What to do
Without the pictures, copy all of the data exactly.

----- Data shown -----

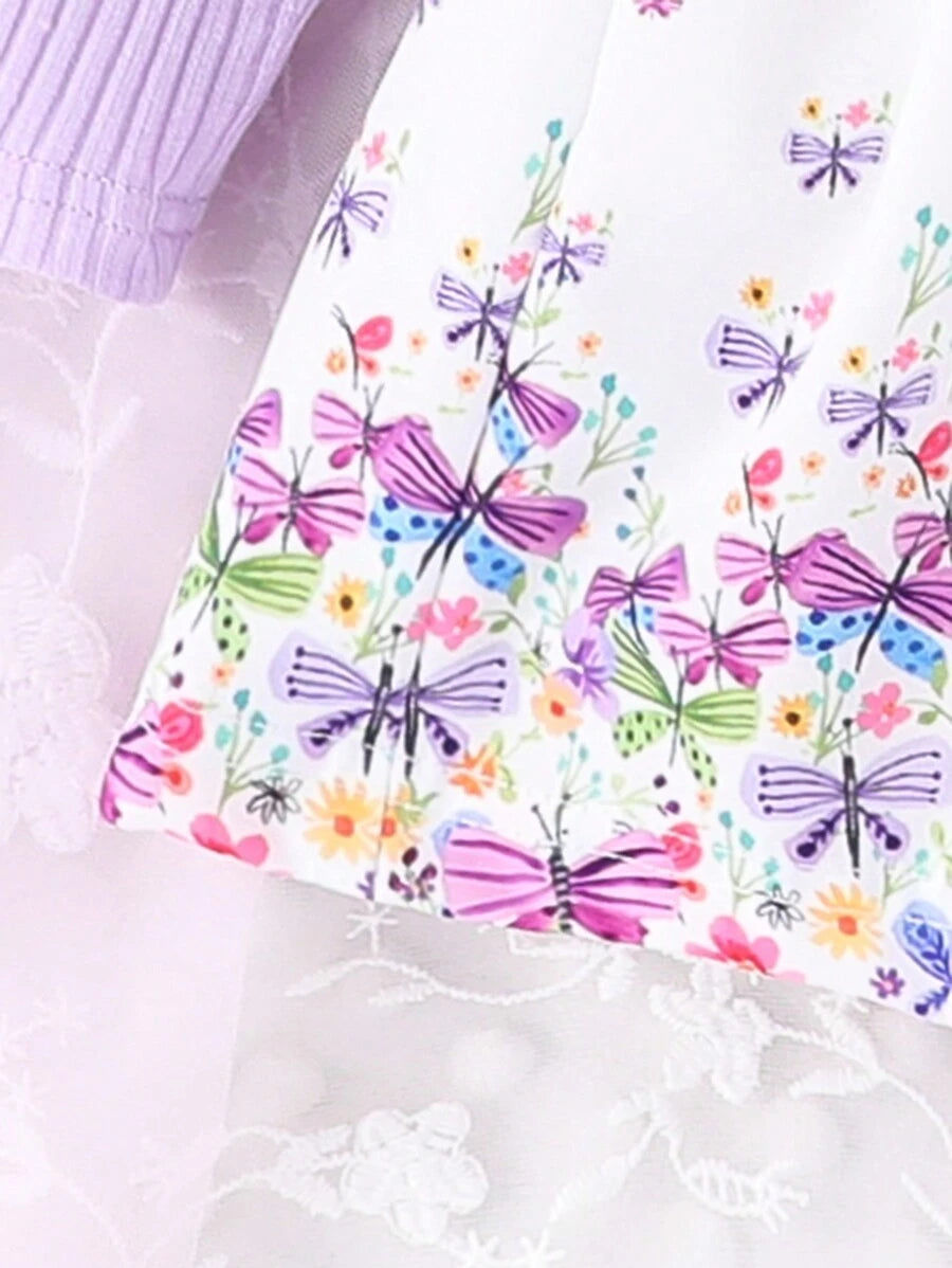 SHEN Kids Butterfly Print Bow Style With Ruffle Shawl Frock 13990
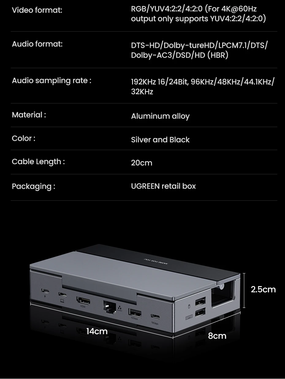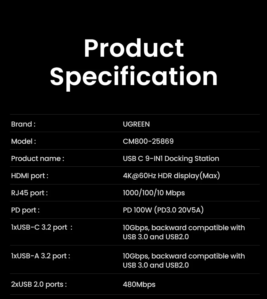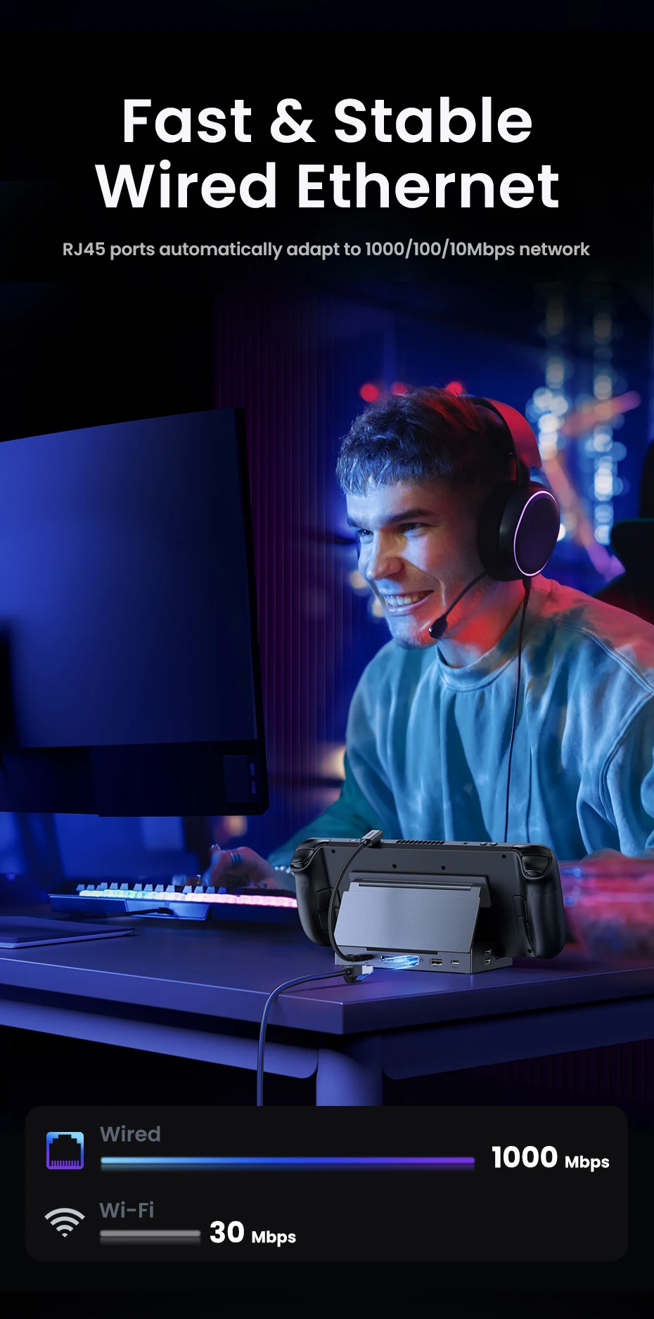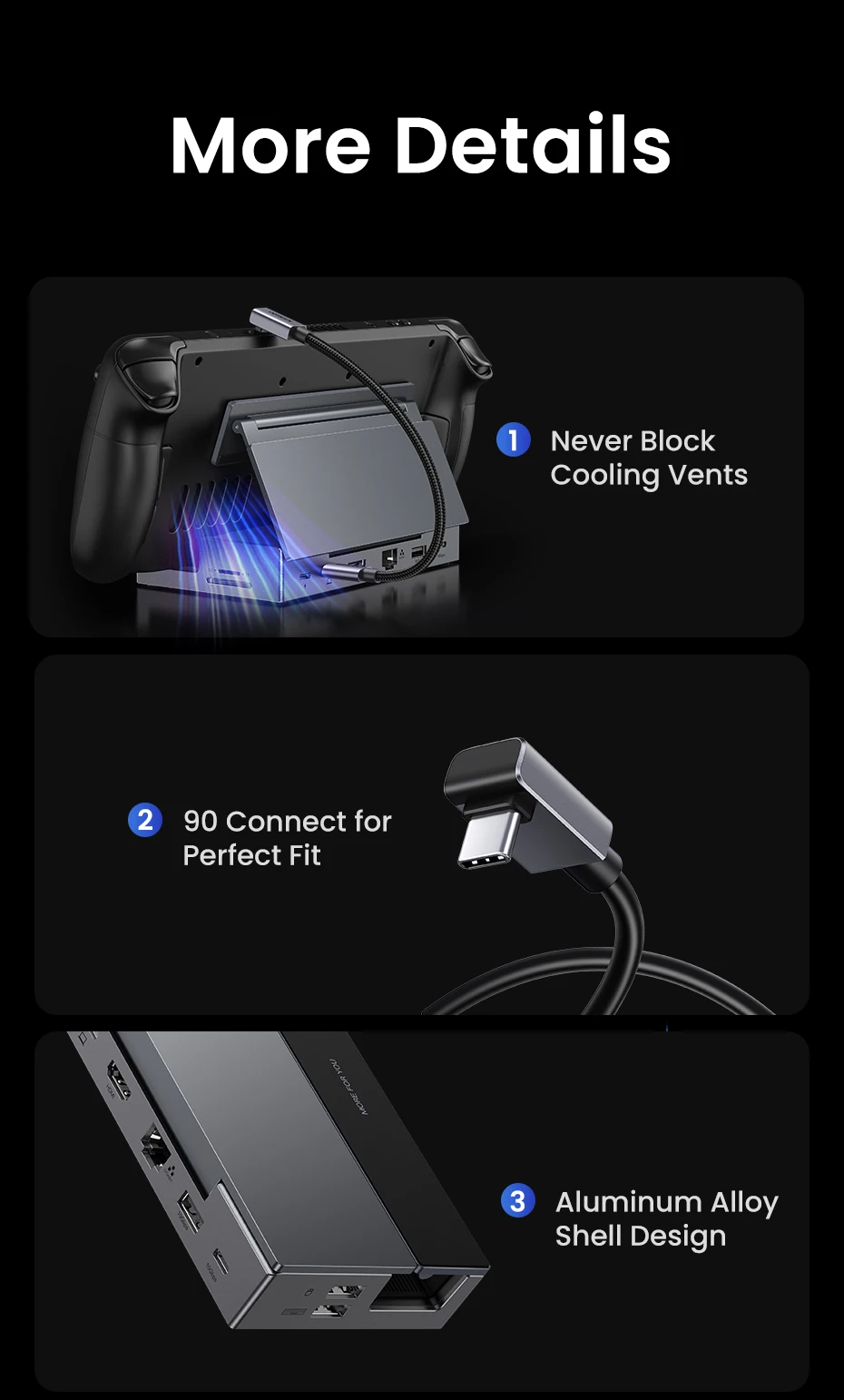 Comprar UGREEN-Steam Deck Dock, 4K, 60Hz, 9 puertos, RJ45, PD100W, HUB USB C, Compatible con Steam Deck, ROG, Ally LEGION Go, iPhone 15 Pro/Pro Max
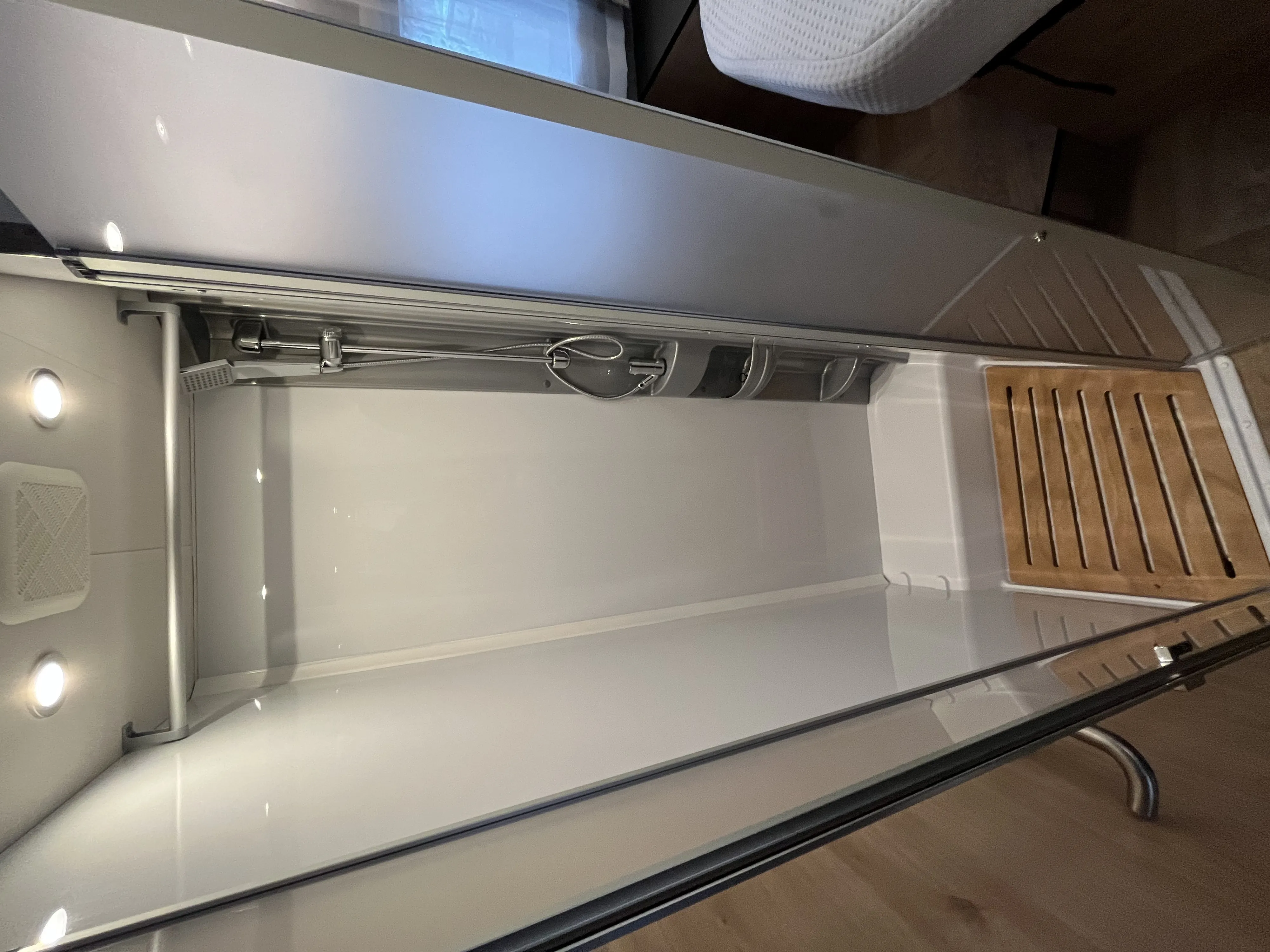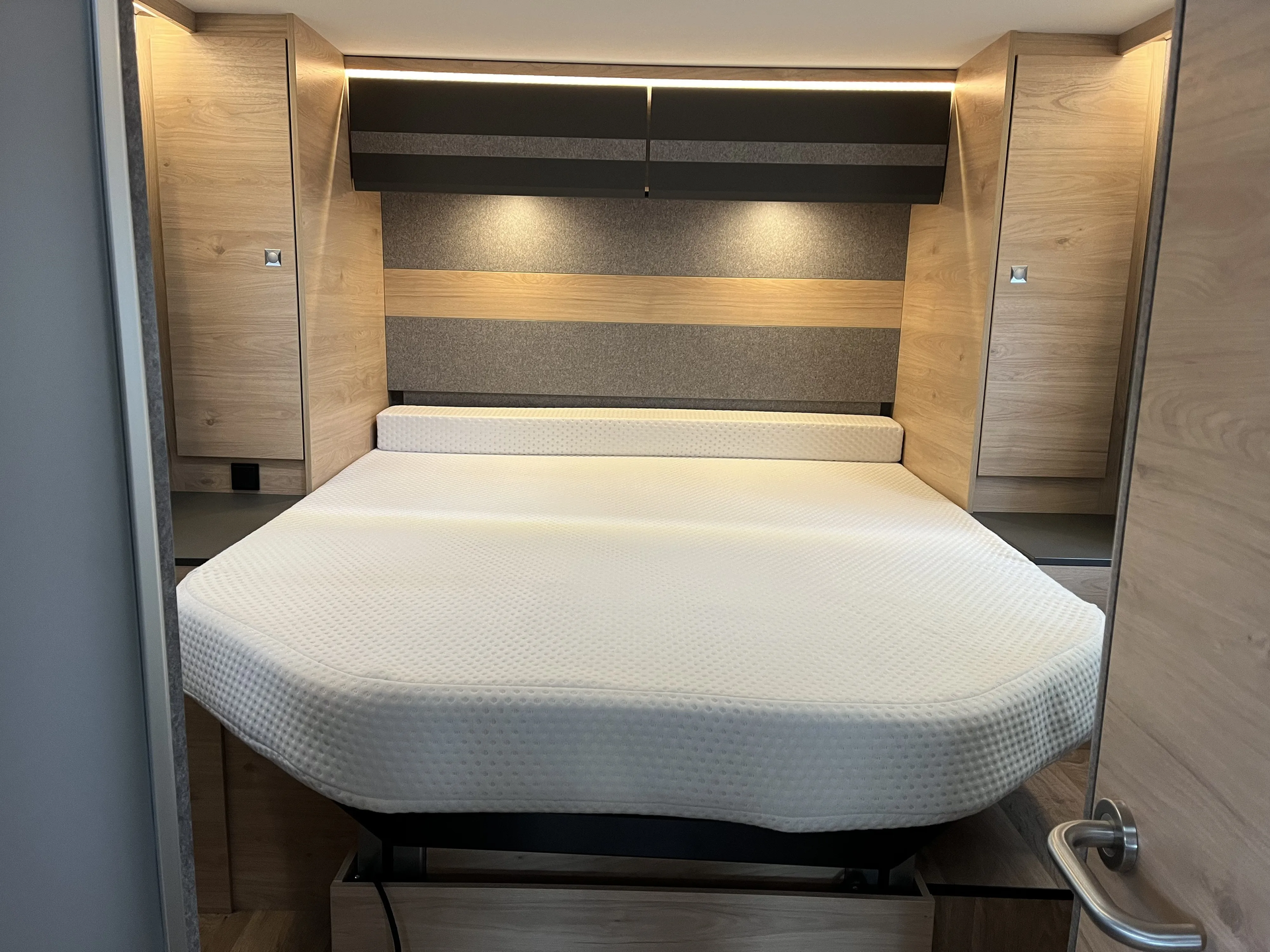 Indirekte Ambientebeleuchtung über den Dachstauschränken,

-----

Exercise response
 SHEN Kids Butterfly Print Bow Style With Ruffle Shawl Frock 13990
 Comprar UGREEN-Steam Deck Dock, 4K, 60Hz, 9 puertos, RJ45, PD100W, HUB USB C, Compatible con Steam Deck, ROG, Ally LEGION Go, iPhone 15 Pro/Pro Max
 Indirekte Ambientebeleuchtung über den Dachstauschränken,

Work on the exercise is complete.